Christine Devries, spokeswoman for Meigs' group that is known as the Joint IED Defeat Organization, said much progress has been made already. As an illustration, she said that about 40 of every 100 roadside bombs are found and defused before they explode. That means the other 60 do explode, although Devries said the number of U.S. troops killed or wounded by each explosion has fallen by about 50 percent from a year ago.

Devries said more detailed information about the casualty rate per IED explosion is considered too sensitive to release publicly because it could give the insurgents in Iraq new insights into their effectiveness.

Likewise, Pentagon officials are willing to say little about the electronic jamming devices and other technological means they have used to detect and defeat IEDs.

In testimony before the Senate Appropriations Committee on Thursday, Gen. Peter Pace, chairman of the Joint Chiefs of Staff, said U.S. forces are finding more IEDs before they explode, but he provided no numbers.

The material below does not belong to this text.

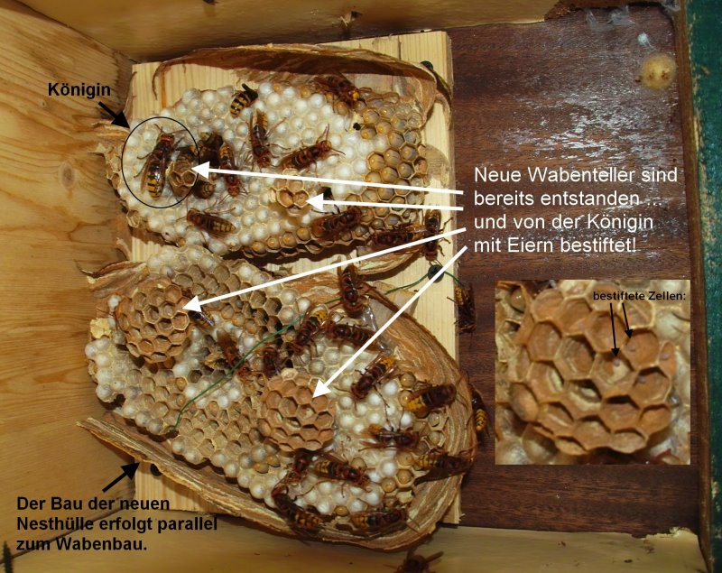 unteren Bereich des Nestes bereits begonnen, neue Waben zu bauen. |

"That means a lot of the work that's being done and a lot of the resources that you have allocated are having positive effects," Pace said. "But we have a lot of work to do in this regard."

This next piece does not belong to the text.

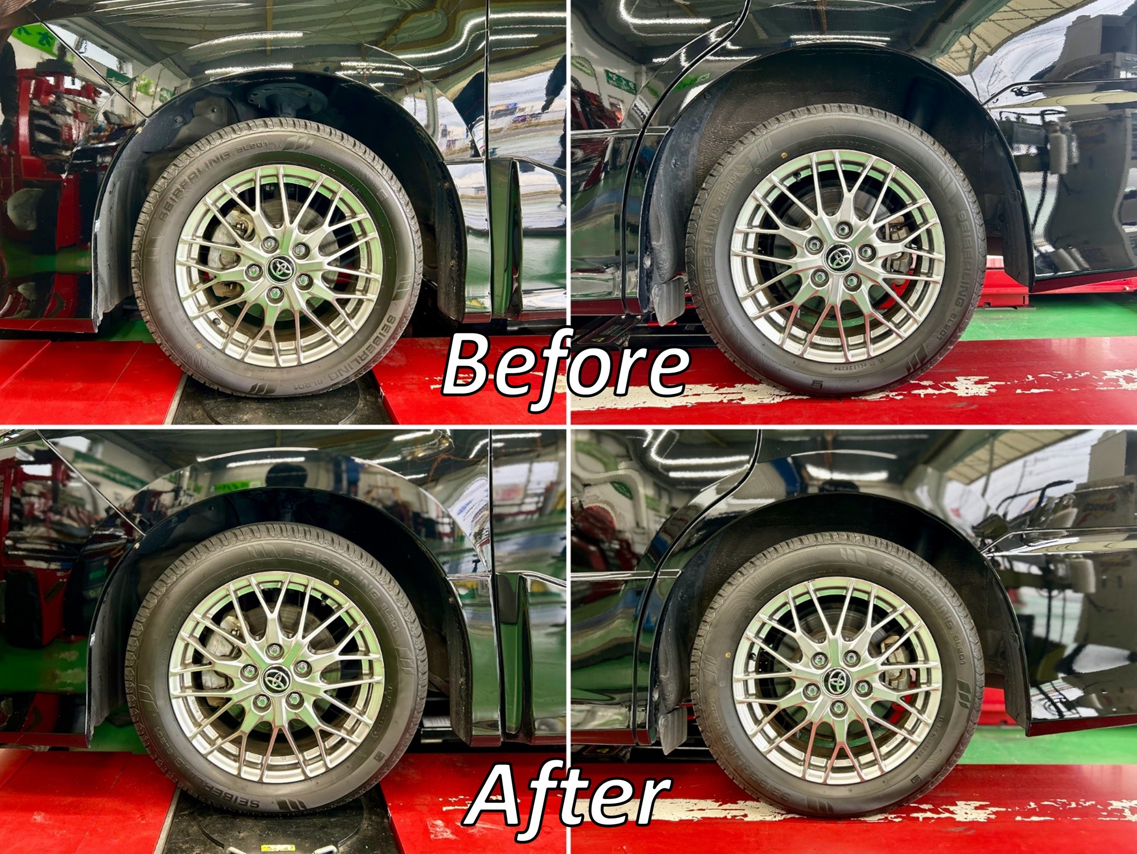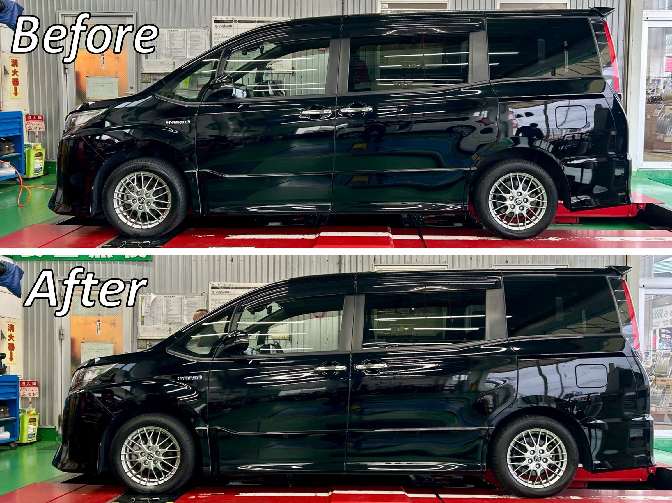 全体像で見比べますと車高が下がったといえどもいかにも下げました感がなく最初からこの車高だったのでは?と思うぐらいさりげない仕上がりに♪

Spending has ballooned from $1.2 billion in the 2005 budget to $3.3 billion in the current budget, including $1.9 billion as part of the emergency war funding request the Bush submitted to Congress last month.

Devries said the administration has not yet decided how much it will spend on the counter-IED effort in the 2007 budget year that begins Oct. 1. Bush's proposed 2007 budget has no specific provision for financing the Meigs' organization; its money will be drawn from several different spending accounts in the budget, Devries said.

When the Pentagon began focusing on an effort to counter the IED threat in 2003, it was an Army responsibility and initially involved a staff of only 12 people. It has since grown to a military-wide effort and the staff has grown to about 174. The staff is expected to grow beyond 300 people, Devries said.